Medications and psychotherapy are often used in combination. Studies have found that CBT added to medication is more efficacious than medication alone (108, 115). While one study found that medication added to CBT provided little additional benefit (102,116) to study patients who received state-of the-art CBT in an intensive outpatient setting, the results may not be applicable to patients receiving less intensive psychotherapeutic treatment. Another study did find a small additional benefit to adding antidepressant medication to CBT (115). In addition, fluoxetine was shown in one study to be helpful in patients who had either not responded to, or had relapsed after, a course of CBT or IPT (117). It is reasonable to add an antidepressant medication (such as an SSRI or tricyclic) to psychotherapy if a patient does not have an adequate response to psychotherapy.
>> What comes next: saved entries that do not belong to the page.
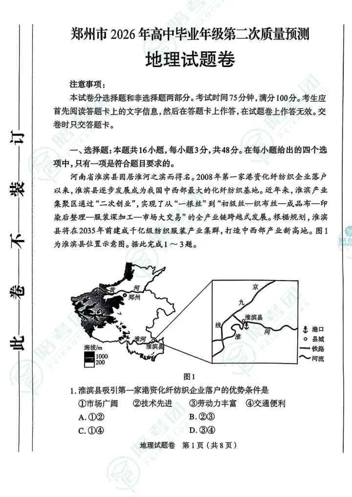 【陪考团】2026郑州二模地理试卷及答案.pdf
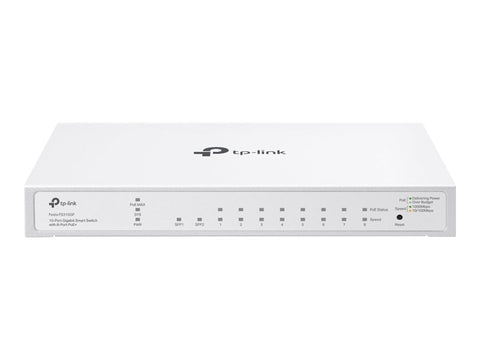 TP-LINK 10-Port Gigabit Smart Switch with 8-Port PoE+ 8x Gigabit PoE+ Ports 2x Gigabit SFP Slots 802.3af/at 61 W PoE Power
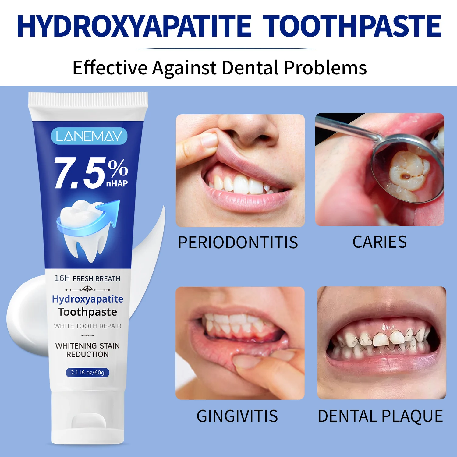 - Enamel Repair: Contains 7.5% Hydroxyapatite to help restore and strengthen tooth enamel.
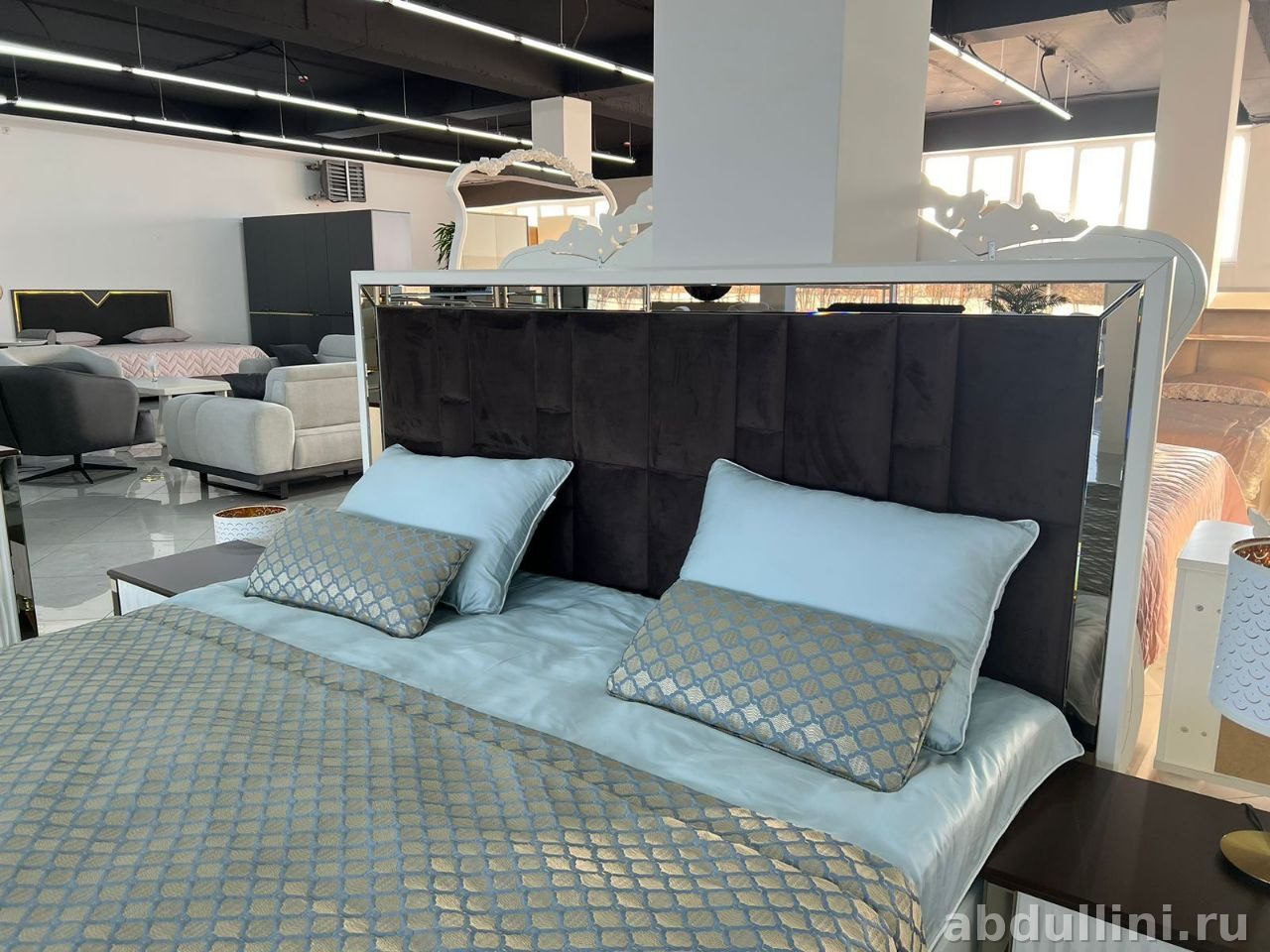 - Кровать: основание из ЛДСП/МДФ (глянец), изголовье обито велюром с вертикальной стежкой. Размер спального места — 180×200 см.
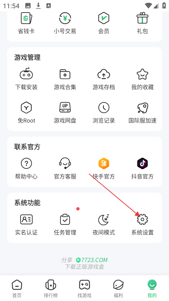 2、进入个人中心后,找到并点击【系统设置】选项,可进入设置页面。
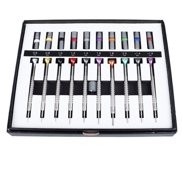 1、Package Includes: Includes 10 screwdrivers/0.6mm, 0.8mm, 1.0mm, 1.2mm, 1.4mm, 1.6mm, 1.8mm, 2.0mm, and 2 crossing head screwdrivers of different sizes, namely, 1.4 mm, 1.6 mm. 2、Wide Application: The set includes various sizes of screwdriver heads, which is color coded, making it suitable for repairing different types of watches. 3、Excellent Metal: Micro precision watch screwdriver is made of quality metal, stable and not easy to break, safe and reliable, not easy to wear, rust resistant 4、Replaceable Screwdriver Heads: Precision screwdriver set comes with replaceable screwdriver heads, providing versatility and ensuring continued use over time. 5、Compact and Portable: This watch repair set is compact and lightweight, making it easy to carry and store, perfect for both professionals and DIY enthusiasts.
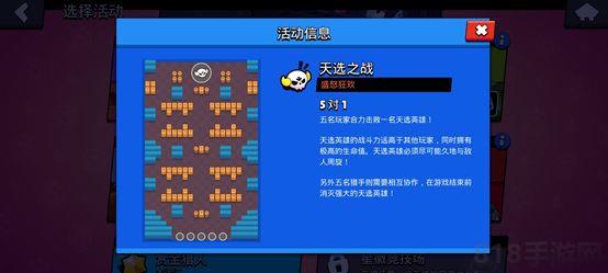 天选之战:是荒野乱斗中唯一的非平衡玩家对抗模式:玩家会随机成为天选之子或者普通英雄,天选之子有更强的战斗力和极高的生命值,面对五位英雄的围攻,只要在两分钟内没有被打倒即可获得游戏胜利,而其他五个猎手则需要相互协作,在两分钟之内消灭天选英雄才可获得胜利。
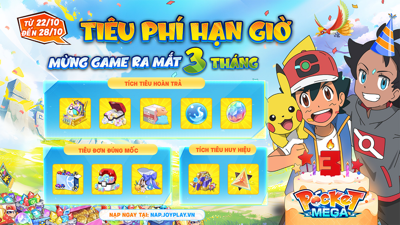 Mừng 3 tháng ra mắt Pocket Mega, Misty xin giới thiệu chuỗi sự kiện Tiêu Phí Hạn Giờ - Mừng 3 Tháng Ra Mắt với nhiều ưu đãi hoàn trả cực khủng!
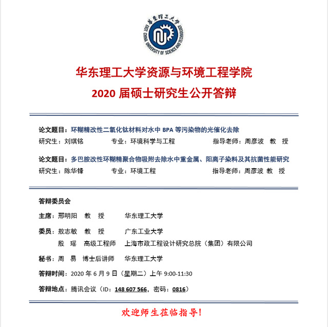 硕士论文答辩:刘琪铭(环境科学与工程)、陈华锋(环境工程)
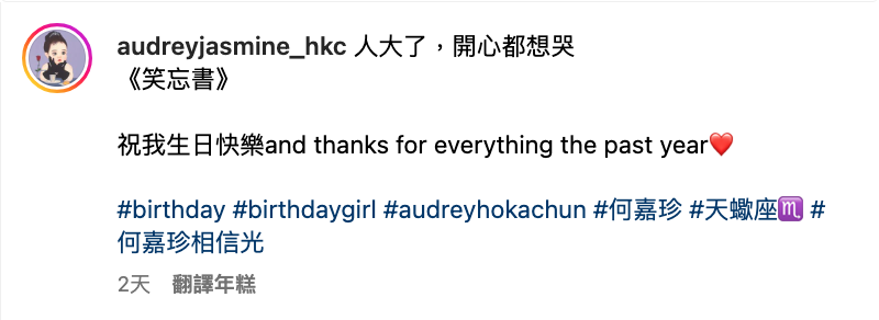 不時會引用歌詞嘅Jasmine,今次就引用張敬軒《笑忘書》中嘅一句「人大了 開心都想哭」放喺帖文入面,並寫道:「祝我生日快樂and thanks for everything the past year❤️」。![]()
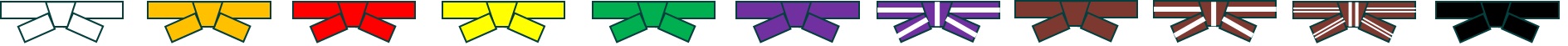 The progression of coloured belts (Obi) shows progress and status within a Dojo. With dedicated training you may be invited to a grading, which is several tasks set by your Sensei to assess whether you have acheived the standard required for award of the next coloured belt. The typical grading tasks for each belt are set out below. These tasks usually consist of demonstrating punching (Zuki) blocking (Uke) and kicking (Geri), in a simulated sparring (Kumite) and within the performance of the linked set of techniques (Kata) that relates to each level.

6 Support/Self-Help Groups
Support/self-help groups are commonly used in bulimia nervosa. These may be led by professionals or laypersons. Twelve-step programs, such as Overeaters Anonymous, are helpful for some patients, although controlled studies of their efficacy are not available. There is increasing interest in developing and evaluating stepped-care approaches, in which guided or unguided self-help manuals are used initially, supplemented by medication if needed, within the primary care setting
(108). Referral for more intensive psychotherapy would be reserved for those who failed to respond to initial interventions. A supervised cognitive-behavioral self-help approach, using a manual, has been shown to reduce bulimic symptoms in carefully selected patients (118,119).